Solution from Twitch Solves ISL: Let $G$ be the centroid of $S$. Claim: All points of $S$ lie on a sphere $\Gamma$ centered at $G$. Proof. Each perpendicular bisector plane passes through $G$. So if $A,B \in S$ it follows $GA = GB$. $\blacksquare$ Claim: Consider any plane passing through three or more points of $S$. The points of $S$ in the plane form a regular polygon. Proof. The cross section is a circle because we are intersecting a plane with sphere $\Gamma$. Now if $A$, $B$, $C$ are three adjacent points on this circle, by taking the perpendicular bisector we have $AB=BC$. $\blacksquare$ If the points of $S$ all lie in a plane, we are done. Otherwise, the points of $S$ determine a polyhedron $\Pi$ inscribed in $\Gamma$. All of the faces of $\Pi$ are evidently regular polygons, of the same side length $s$. Claim: Every face of $\Pi$ is an equilateral triangle. Proof. Suppose on the contrary some face $A_1 A_2 \dots A_n$ has $n > 3$. Let $B$ be any vertex adjacent to $A_1$ in $\Pi$ other than $A_2$ or $A_n$. Consider the plane determined by $\triangle A_1 A_3 B$. This is supposed to be a regular polygon, but arc $A_1 A_3$ is longer than arc $A_1 B$, and by construction there are no points inside these arcs. This is a contradiction. $\blacksquare$ Hence, $\Pi$ has faces all congruent equilateral triangles. This implies it is a regular polyhedron --- either a regular tetrahedron, regular octahedron, or regular icosahedron. We can check the regular icosahedron fails by taking two antipodal points as our counterexample. This finishes the problem.

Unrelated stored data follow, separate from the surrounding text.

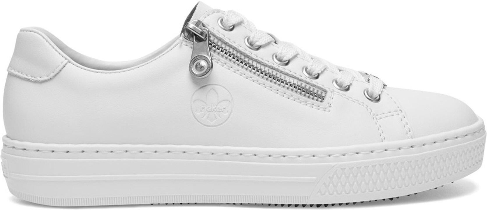 Białe sneakersy Rieker to idealne obuwie dla kobiet, ceniących sobie elegancję i wygodę na co dzień. Wykonane z wysokiej jakości skóry, zapewniają trwałość oraz wyjątkowy komfort noszenia. Dzięki suwakowi, zakładanie i zdejmowanie butów jest szybkie i bezproblemowe, co sprawia, że są one niezwykle praktyczne. Te sneakersy doskonale uzupełnią każdą stylizację, nadając jej nowoczesnego i świeżego wyglądu. Idealne zarówno na spacer po mieście, jak i na spotkania z przyjaciółmi. Postaw na styl i komfort z marką Rieker!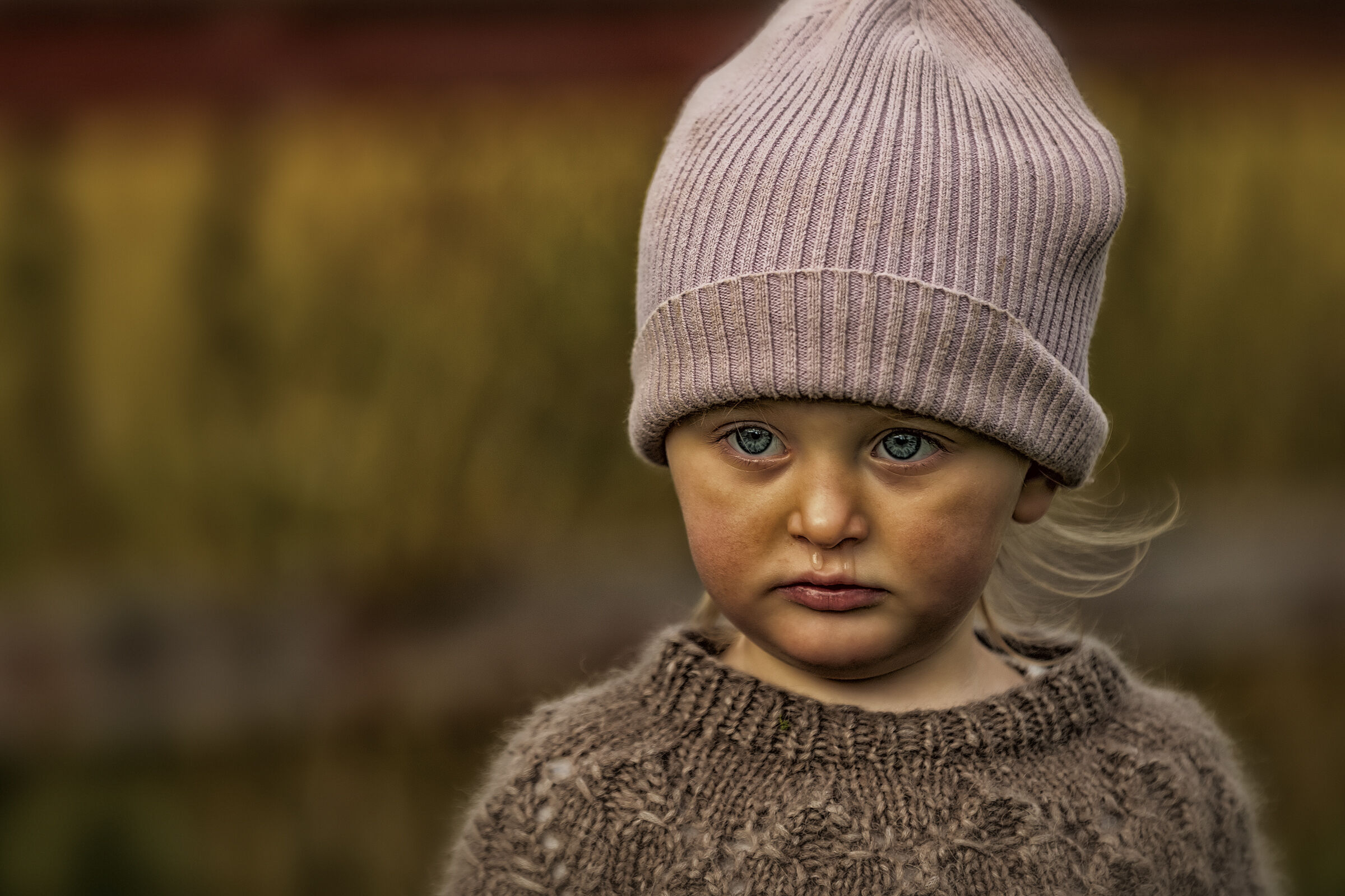 Nydelig jente. Bestemt og intenst blikk og uttrykk. Øynene kommer veldig fint frem hjulpet av lyssettingen men det overeksponerte feltet i håret trekker ned. Behagelige farger.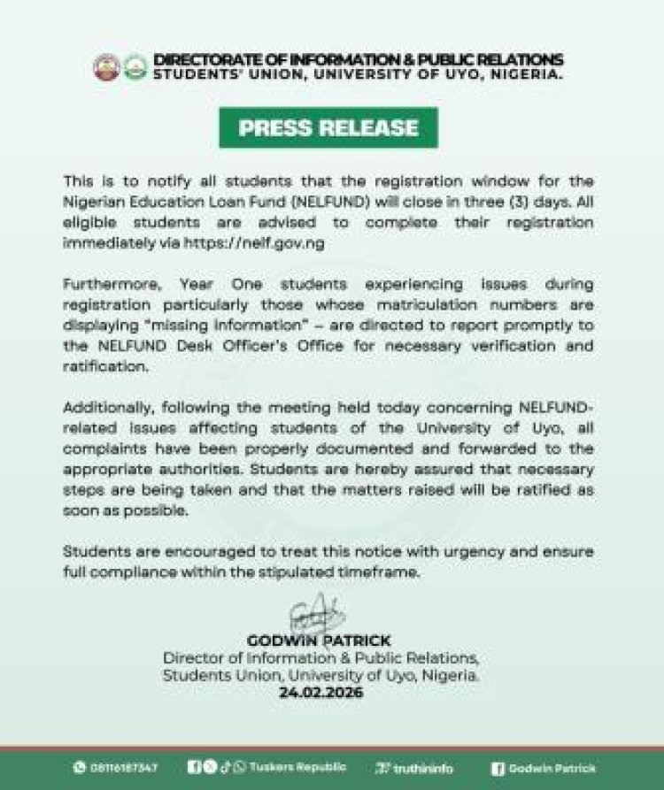 The Students' Union Government of the University of Uyo (UNIUYO) has issued a reminder to all eligible students that the registration window for the Nigerian Education Loan Fund (NELFUND) will close in just three days.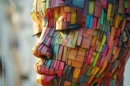 © Aleksandr, Naklejka premium Vibrant mosaic face sculpture with multicolored wooden pieces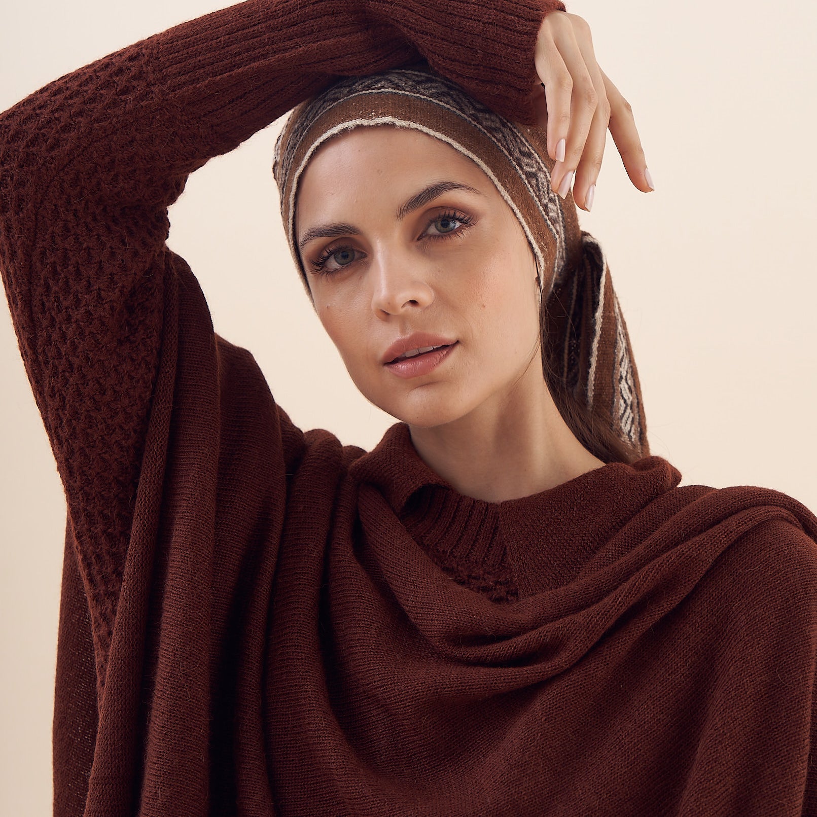 Nuestra ruana Franc es liviana y cómoda, un producto perfecto para llevarlo de viaje, usarlo con jeans para un look casual o con prendas más formales. Se adapta fácilmente a distintas sueltas y su peso y caída son únicos.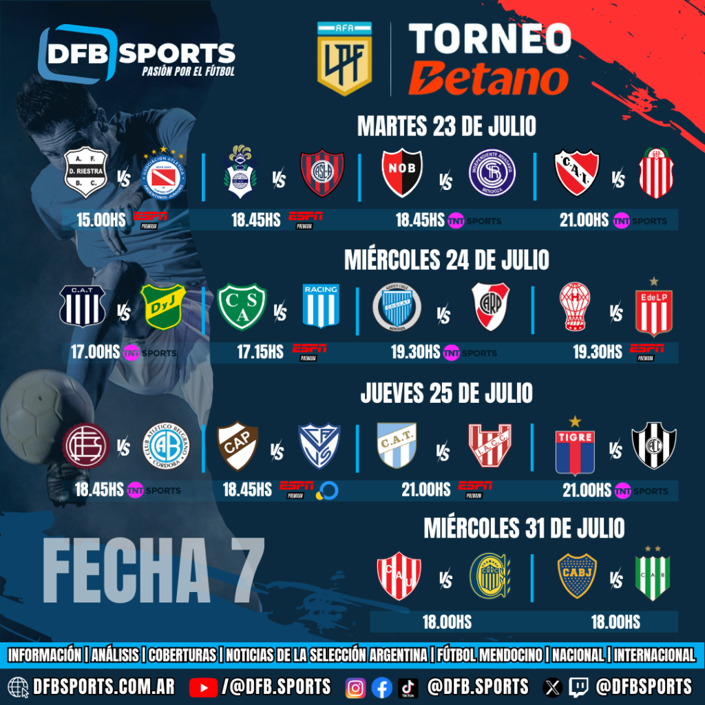 Así se jugará la Fecha 7 del Torneo Betano 2024 de la Liga Profesional
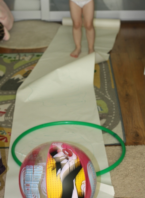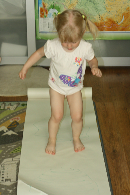 Нарисовала на рулоне лужи. Задача Сони - перепрыгивать. Дочка так разошлась, что скакала туда-сюда-обратно минут 30 )))) Конечно, не всегда при этом их перепрыгивая. Разгонится, и пошла ))))) Идея - @Suvimaca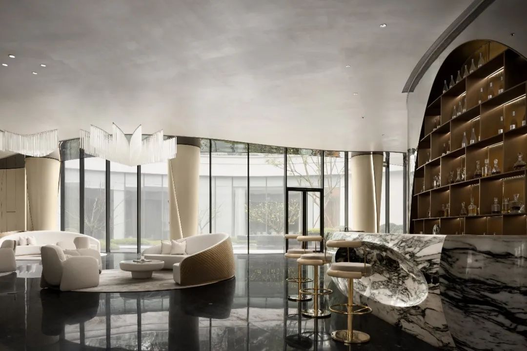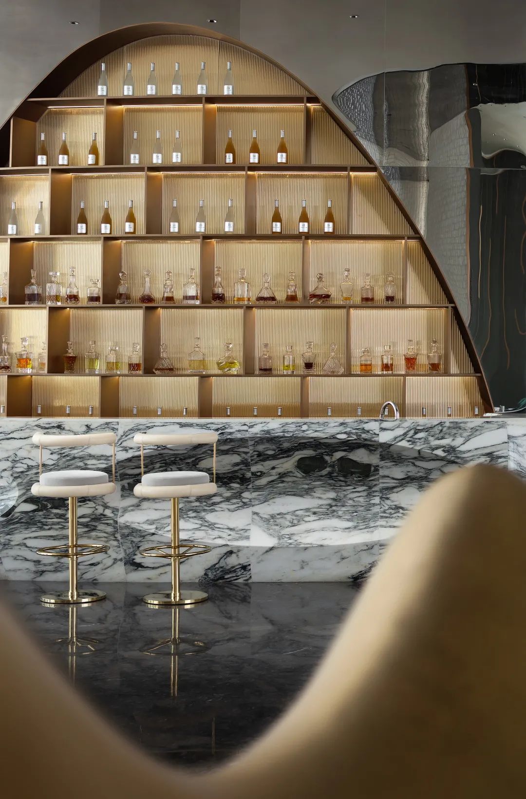 水吧與洽談區(qū)和諧貫通,借助曲線語言的大理石吧臺,傳統(tǒng)水墨繪畫般紋理氤氳其間,金屬與布藝交織的座椅在其中點(diǎn)綴,豐富視覺層次,充滿詩意的造型工藝,使整體呈現(xiàn)出猶如品牌精品櫥窗。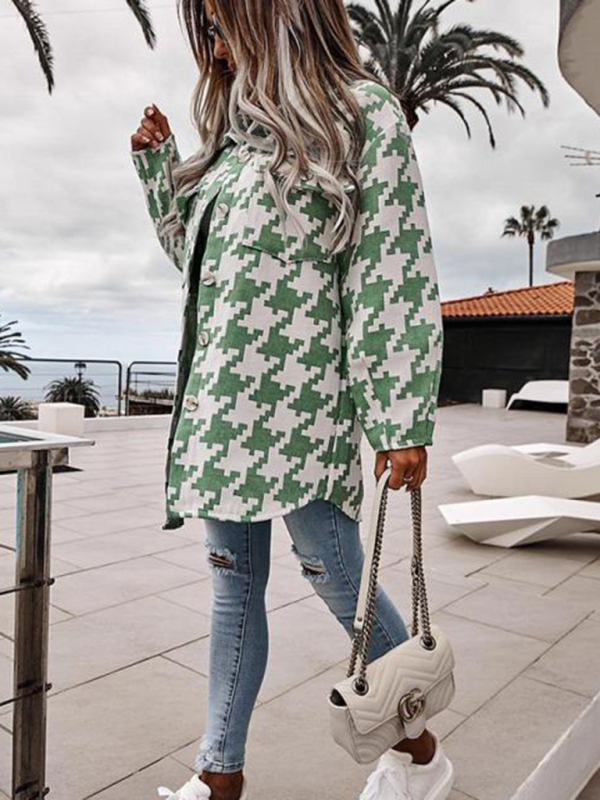 Fashionable loose long-sleeved houndstooth wool coat

Let $G$ be the centroid. Note that since the entire figure is symmetric across each perpendicular bisector, the centroid must be on every perpendicular bisector. Thus, $S$ is conspheric. $~$ Let $T$ be a subset of $S$ that lies on a circle. Let $A_1$, $A_2$, $A_3$, $A_4$, $A_5$ be adjacent points appearing in that order, taking cyclics if needed. By the perpendicular bisector of $A_3A_4$, $A_2A_3=A_4A_5$. By the perpendicular bisector of $A_2A_4$, $A_1A_2=A_4A_5$ which means $A_1A_2=A_2A_3$, and therefore the points on $T$ form a regular polygon. $~$ Clearly any regular polygon works, so suppose there was some other point $P$. Then its neighbors form a regular polygon and therefore all the angles including $P$ of the convex hull are equal. Furthermore all the faces of this solid are regular polygons so we have ourselves a tetrahedron, cube, octahedron, dodecahedron and icosahedron and it is easy to check only the tetra and octa hedrons work.

First solve the 2D case. If there are at least three points in a plane then consider the convex hull. By choosing a side of the convex hull and taking the "perpendicular bisector plane" we find that every angle of the convex hull is the same. By choosing a segment between points two vertices apart we find that every side of the convex hull has the same length. Hence the convex hull is a regular polygon. Take a point $A$ on the convex hull and interior point $B$. Reflection preserves the condition that a point is on the convex hull, which is a contradiction as $A$ will be sent to $B$. Now we solve the 3D case. We have already found that the points in any nontrivial plane form a convex polygon. Consider the convex hull again. Consider the gravity center (average of vectors) $O$. Since any plane of symmetry passes through the gravity center it follows $O$ is the center of the sphere through all the points. (Oops, could have made this observation earlier.) We can actually repeat this logic. Take a point $A$ and its neighbors $A_1,\dots,A_n$. Reflection about the perpendicular bisector plane of $A_iA_j$ sends neighbors of $A_i$ to neighbors of $A_j$, thus $A$ is preserved. Hence $AA_i$ is constant, meaning $A_1,\dots,A_n$ lie on a circle. Thus they form a regular polygon, implying that the faces of the convex hull containing $A$ are actually congruent. This reduces the search space to platonic solids. Tetrahedrons work. Cubes fail on the space diagonal. Octahedrons work. To disprove dodecahedrons and icosahedrons take two points which are a distance of two edges apart. We are done. $\blacksquare$